ACTIVITY: Please begin with the line containing "苗寨房子临溪而建,沿着溪水往" and reproduce each line exactly until the records below end, without any pictures.

Stored dataset items:
---+---
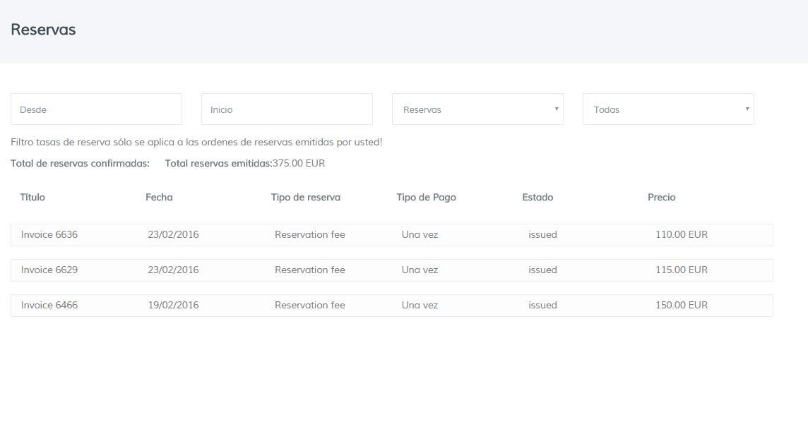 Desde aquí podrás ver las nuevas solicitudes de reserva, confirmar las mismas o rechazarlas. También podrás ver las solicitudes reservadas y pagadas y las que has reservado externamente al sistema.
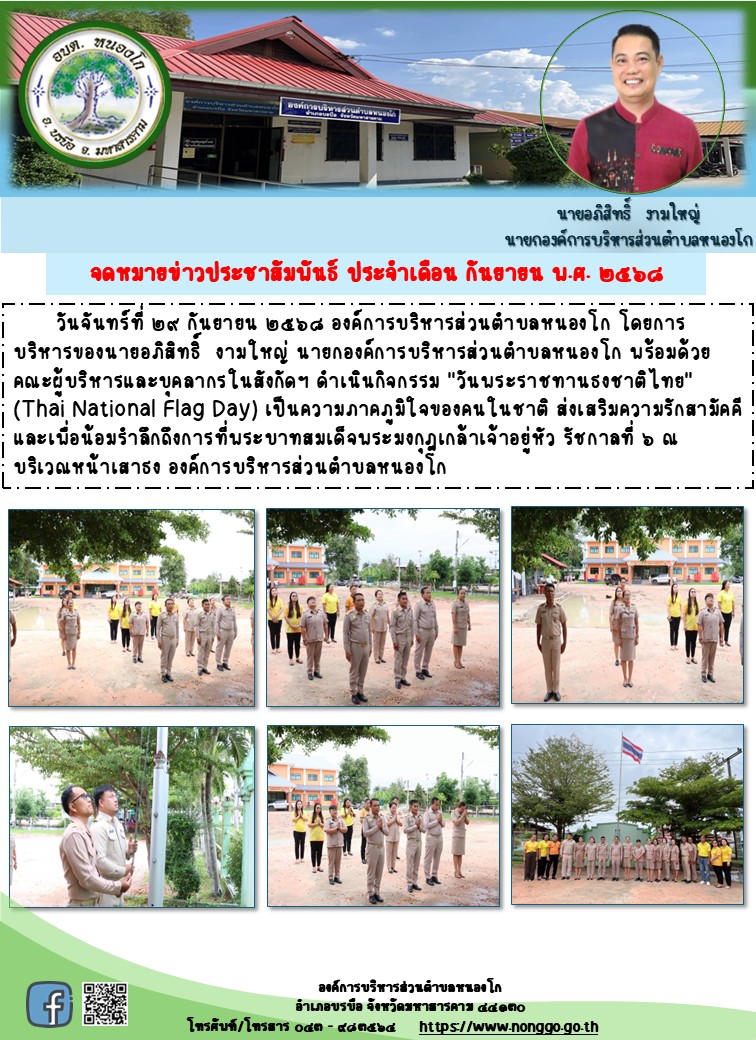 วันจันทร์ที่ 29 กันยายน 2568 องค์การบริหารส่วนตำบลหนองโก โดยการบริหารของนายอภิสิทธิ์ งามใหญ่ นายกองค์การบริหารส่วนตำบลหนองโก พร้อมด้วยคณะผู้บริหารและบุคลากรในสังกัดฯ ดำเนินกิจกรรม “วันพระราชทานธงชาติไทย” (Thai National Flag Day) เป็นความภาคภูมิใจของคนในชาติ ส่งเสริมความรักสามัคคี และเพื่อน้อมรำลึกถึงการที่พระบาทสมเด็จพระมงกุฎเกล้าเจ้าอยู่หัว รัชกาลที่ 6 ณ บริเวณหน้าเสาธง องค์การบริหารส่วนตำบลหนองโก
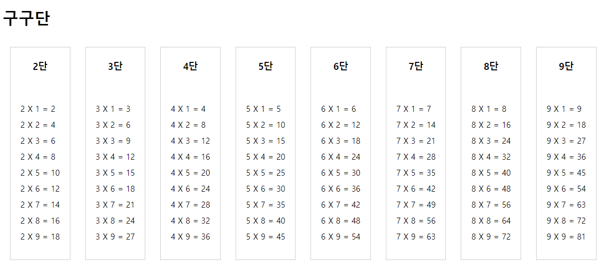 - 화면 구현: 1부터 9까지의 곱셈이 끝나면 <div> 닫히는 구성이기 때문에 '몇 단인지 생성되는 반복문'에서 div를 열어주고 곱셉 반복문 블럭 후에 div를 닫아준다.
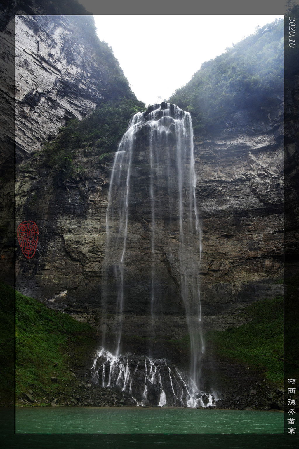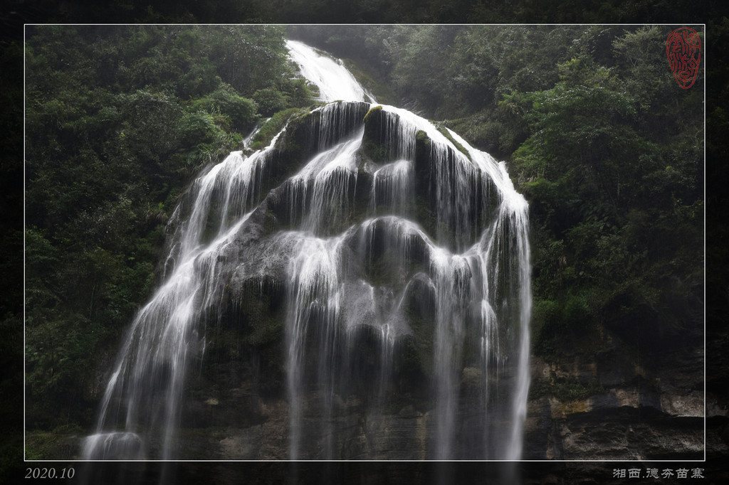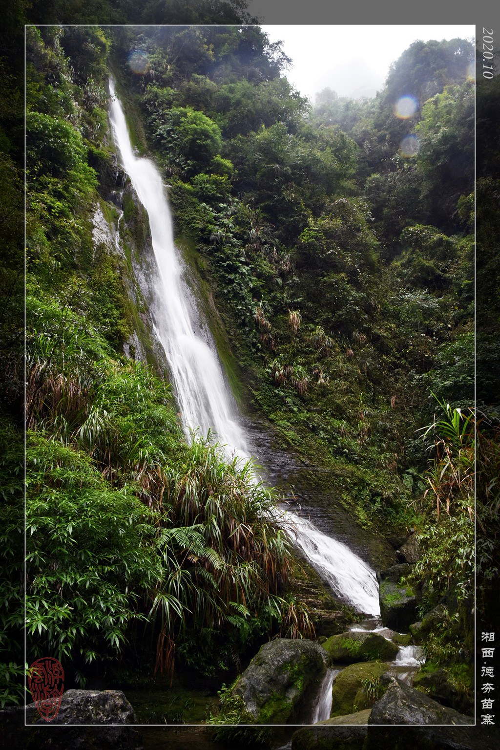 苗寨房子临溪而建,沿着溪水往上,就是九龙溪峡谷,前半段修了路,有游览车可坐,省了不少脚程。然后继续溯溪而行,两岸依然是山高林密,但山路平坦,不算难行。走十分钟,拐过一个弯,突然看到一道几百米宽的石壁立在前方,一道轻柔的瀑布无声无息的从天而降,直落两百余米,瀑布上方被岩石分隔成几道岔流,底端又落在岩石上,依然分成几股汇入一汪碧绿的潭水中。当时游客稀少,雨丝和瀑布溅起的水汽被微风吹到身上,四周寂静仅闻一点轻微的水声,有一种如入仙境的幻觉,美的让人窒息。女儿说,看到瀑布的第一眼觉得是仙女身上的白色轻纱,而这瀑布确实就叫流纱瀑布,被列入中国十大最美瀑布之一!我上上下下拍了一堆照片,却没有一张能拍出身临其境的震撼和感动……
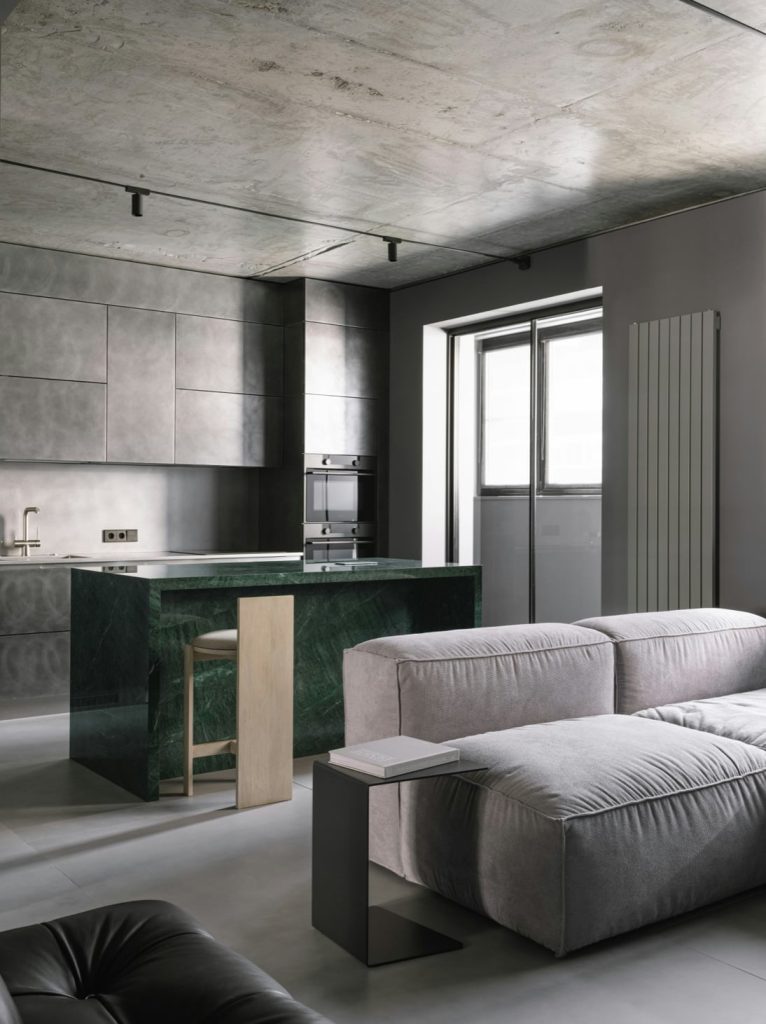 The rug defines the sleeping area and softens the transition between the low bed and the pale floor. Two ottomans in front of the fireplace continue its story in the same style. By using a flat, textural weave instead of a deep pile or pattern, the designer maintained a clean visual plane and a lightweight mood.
---+---
OUTPUT FOR THIS TASK:
 苗寨房子临溪而建,沿着溪水往上,就是九龙溪峡谷,前半段修了路,有游览车可坐,省了不少脚程。然后继续溯溪而行,两岸依然是山高林密,但山路平坦,不算难行。走十分钟,拐过一个弯,突然看到一道几百米宽的石壁立在前方,一道轻柔的瀑布无声无息的从天而降,直落两百余米,瀑布上方被岩石分隔成几道岔流,底端又落在岩石上,依然分成几股汇入一汪碧绿的潭水中。当时游客稀少,雨丝和瀑布溅起的水汽被微风吹到身上,四周寂静仅闻一点轻微的水声,有一种如入仙境的幻觉,美的让人窒息。女儿说,看到瀑布的第一眼觉得是仙女身上的白色轻纱,而这瀑布确实就叫流纱瀑布,被列入中国十大最美瀑布之一!我上上下下拍了一堆照片,却没有一张能拍出身临其境的震撼和感动……
 The rug defines the sleeping area and softens the transition between the low bed and the pale floor. Two ottomans in front of the fireplace continue its story in the same style. By using a flat, textural weave instead of a deep pile or pattern, the designer maintained a clean visual plane and a lightweight mood.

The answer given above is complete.